## Data for analysis:
<<<<
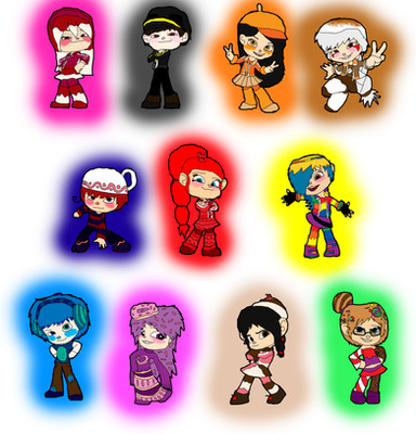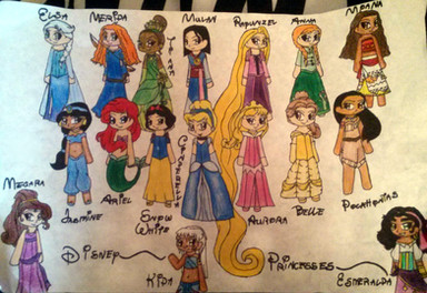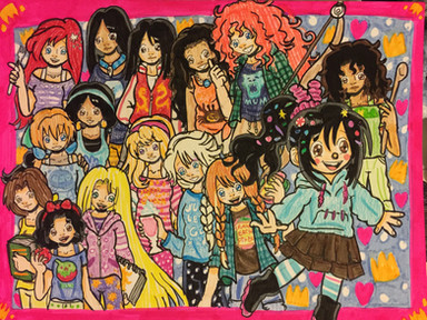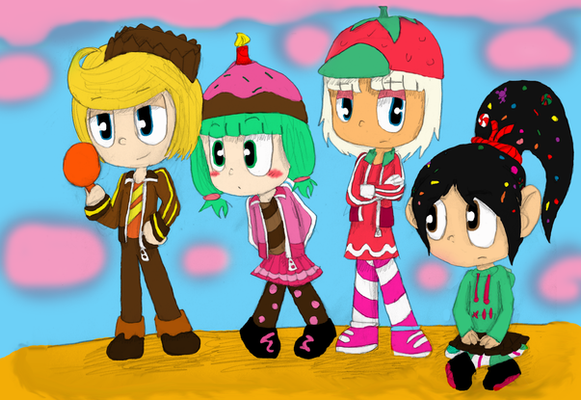 Okay so, I'm going back to Disney pretty soon and was motivated to combine two of my favorite things, Sugar Rush and Disney Princesses. Here's what I got lol. I tried to match each character with either: Hair style/color, Personality or anything else.Starting in the top left corner, here they are:
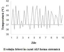 | AIJ sistemică: are o pondere de 10-20% dintre toate cazurile de artrită idiopatică juvenilă[32]. Sindromul febril constituie elementul clinic principal de diferențiere față de alte forme clinice. |
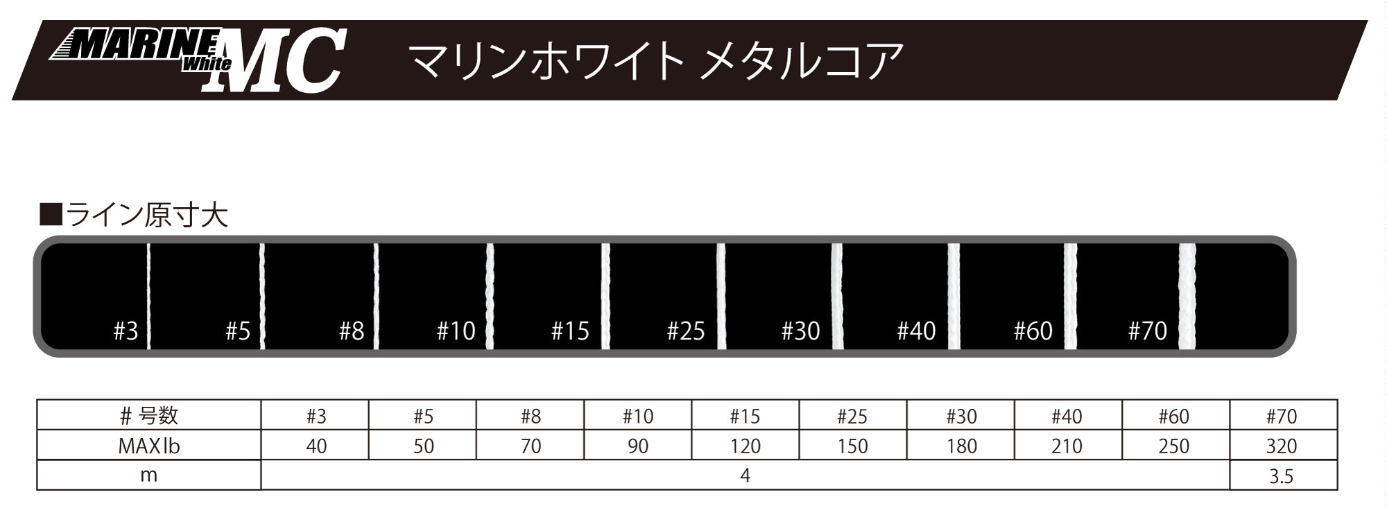 Marine White MC (Marine White Metal Core): A special soft stainless steel wire is used for the core, realizing a metal core assist line that can be tied directly. Assist lines can be assembled with knots without using wire sleeves. A must have when targeting sharp-toothed fish such as hairtail and Spanish mackerel. It can also be used as a mainline leader due to its flexibility and bundling ability.
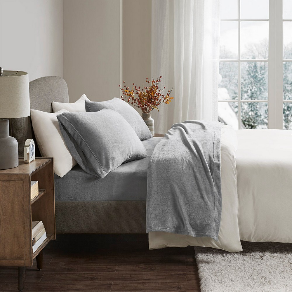 Soloft Plush Micro Plush Sheet Set Grey Twin
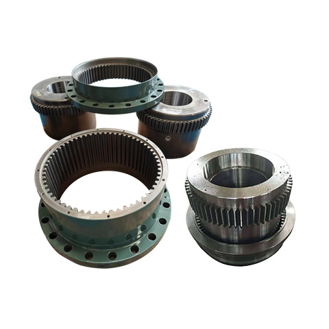 鼓形齿式联轴器由两个鼓形外齿轴套与一对直齿内齿圈等零件组成,靠内、外齿的啮合传递扭矩,并由鼓形外齿套在直齿内圈的轴线摆动(角位移)来补偿两传动轴线的相对位移。结构紧凑、形式多样,允许正、反方向回转;齿长的鼓度,使齿接触较好。具有传动能力大、角位移大、转动惯量小、传动平稳、效率高、寿命长等特点。广泛应用于冶金、重型、矿山、起重运输、通用机械等各类机械传动。
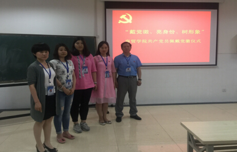 为加强基层党组织建设,充分发挥党员教师的先锋模范作用,引导和带动广大教师自觉投身“两学一做”学习教育,展示教师党员良好的精神风貌,2016年5月18日晚上教研活动时间,商贸学院党总支举行“戴党徽、亮身份、树形象党员教育活动暨共产党员佩戴党员徽章仪式。商贸学院全体党员参加仪式。
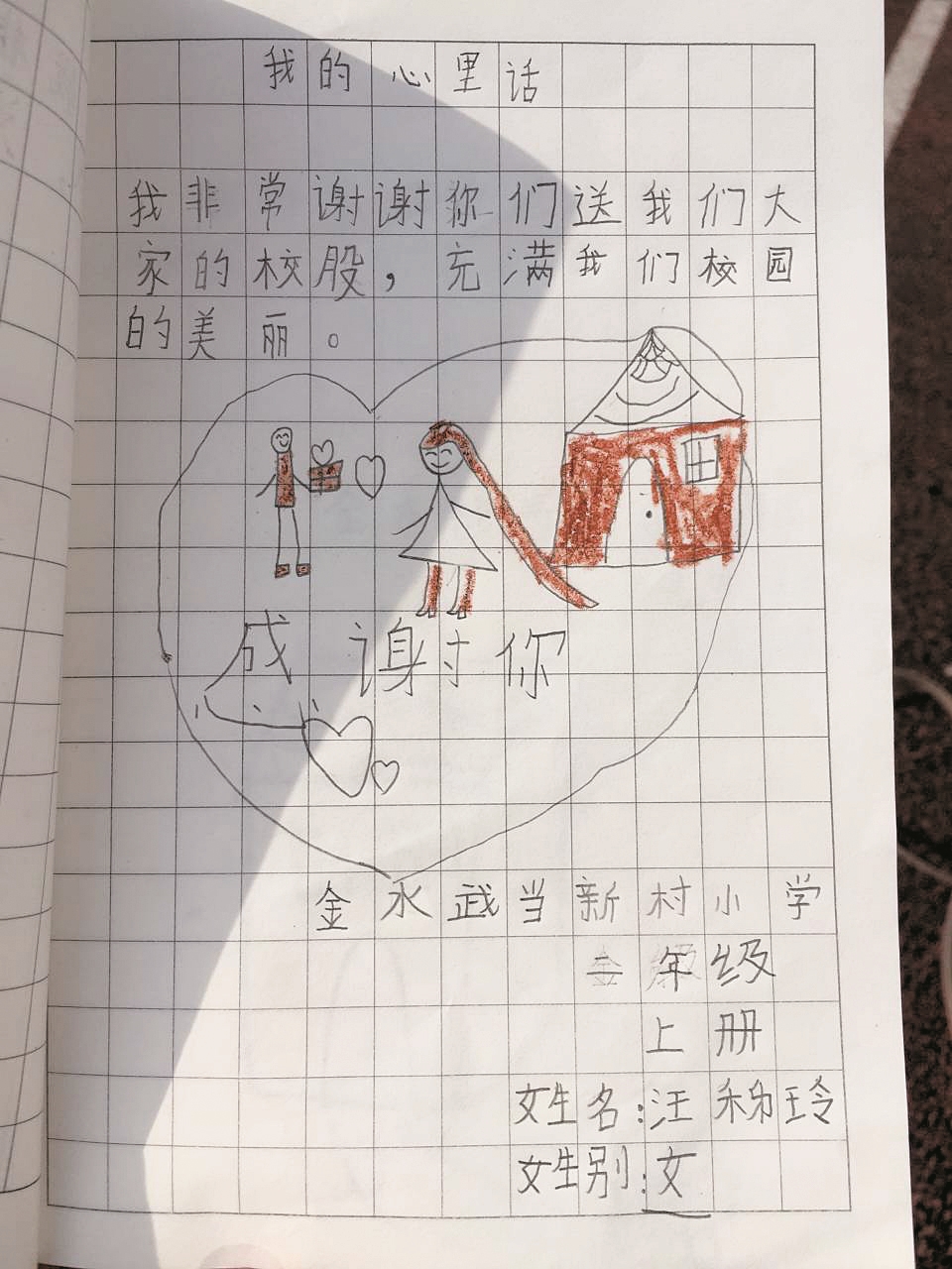 楚天都市报讯(记者张屏通讯员陈克茂郭子)昨日上午,武汉市最偏远的乡村小学之一、江夏区金水武当新村小学迎来爱心人士捐赠,穿上崭新校服的孩子们则回赠了一本独一无二的书——《孩子们的心里话》。尽管里面有许多拼音,好多字写得也是歪歪扭扭,甚至还有错别字,却依然令每个翻开它的人感动不已。
>>>>
## Task goal:
In the answer, repeat exactly the lines from the top of the entries above through the line with "鼓形齿式联轴器由两个鼓形外齿", and leave pictures out of it.

## Exercise output:
 Okay so, I'm going back to Disney pretty soon and was motivated to combine two of my favorite things, Sugar Rush and Disney Princesses. Here's what I got lol. I tried to match each character with either: Hair style/color, Personality or anything else.Starting in the top left corner, here they are:
 | AIJ sistemică: are o pondere de 10-20% dintre toate cazurile de artrită idiopatică juvenilă[32]. Sindromul febril constituie elementul clinic principal de diferențiere față de alte forme clinice. |
 Marine White MC (Marine White Metal Core): A special soft stainless steel wire is used for the core, realizing a metal core assist line that can be tied directly. Assist lines can be assembled with knots without using wire sleeves. A must have when targeting sharp-toothed fish such as hairtail and Spanish mackerel. It can also be used as a mainline leader due to its flexibility and bundling ability.
 Soloft Plush Micro Plush Sheet Set Grey Twin
 鼓形齿式联轴器由两个鼓形外齿轴套与一对直齿内齿圈等零件组成,靠内、外齿的啮合传递扭矩,并由鼓形外齿套在直齿内圈的轴线摆动(角位移)来补偿两传动轴线的相对位移。结构紧凑、形式多样,允许正、反方向回转;齿长的鼓度,使齿接触较好。具有传动能力大、角位移大、转动惯量小、传动平稳、效率高、寿命长等特点。广泛应用于冶金、重型、矿山、起重运输、通用机械等各类机械传动。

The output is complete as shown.